PPT 1: Descriptive Statistics

Intro to Biostats

• Why do we use statistics in biology?

  • Most things are probabilistic (data based on probabilities) rather than deterministic (data based on know facts)

Definitions

• What is the difference between observational and experimental populations?

  • Observational- A finite population, but is difficult to count

  • Experimental- An infinite amount in the population

• What is a sample survey (or an observational study)

  • A study of the individuals actually present in a population (under what the investigator can control)

• What is the difference between an experiment and an observation?

  • Observations are descriptions of patterns

  • Experiments are designed to collect observations according to a plan

• What is a sample?

  • The amount of a population actually measured

• What is a sample unit?

  • An individual thing drawn from the population (e.g. an organism or a measurement)

• What is inference?

  • A generalization of an observation (as samples do not always contain all of the population)

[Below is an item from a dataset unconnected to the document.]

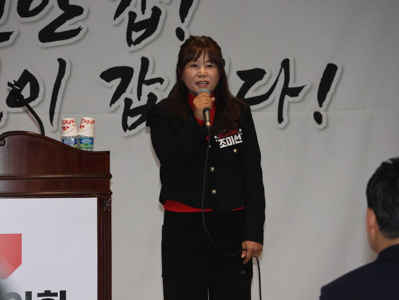 조미선 국민의힘 천안시갑 당협위원장이 당원콘서트 개회를 선언하고 있다.

• What is random sampling?

  • Truly random, all members of a population have a chance to be chosen

• What is simple random sampling?

  • A random sample within the whole population

• What is a stratified random sample?

  • A random sample within a group (males v females, age 1 age 2, etc)

Biological Variables

• What is continuous measurement of variables?

  • Any value between two extremes can be selected

• What are discrete measurements of variables?

  • Fixed values are chosen between extremes (whole numbers)

• What are rank variables?

  • Indicate more or less of variables based on their rank (e.g. smallest to greatest)

• What are qualitative variables

  • Categorical variables (e.g. male/female, living/dead)

• What is a rate?

  • The quantity per unit (eg. time, mass, births per year)

• What are indices (or index)?

  • Complex derived variables (e.g. condition index: condition of body)

• What is the difference between accuracy an precision?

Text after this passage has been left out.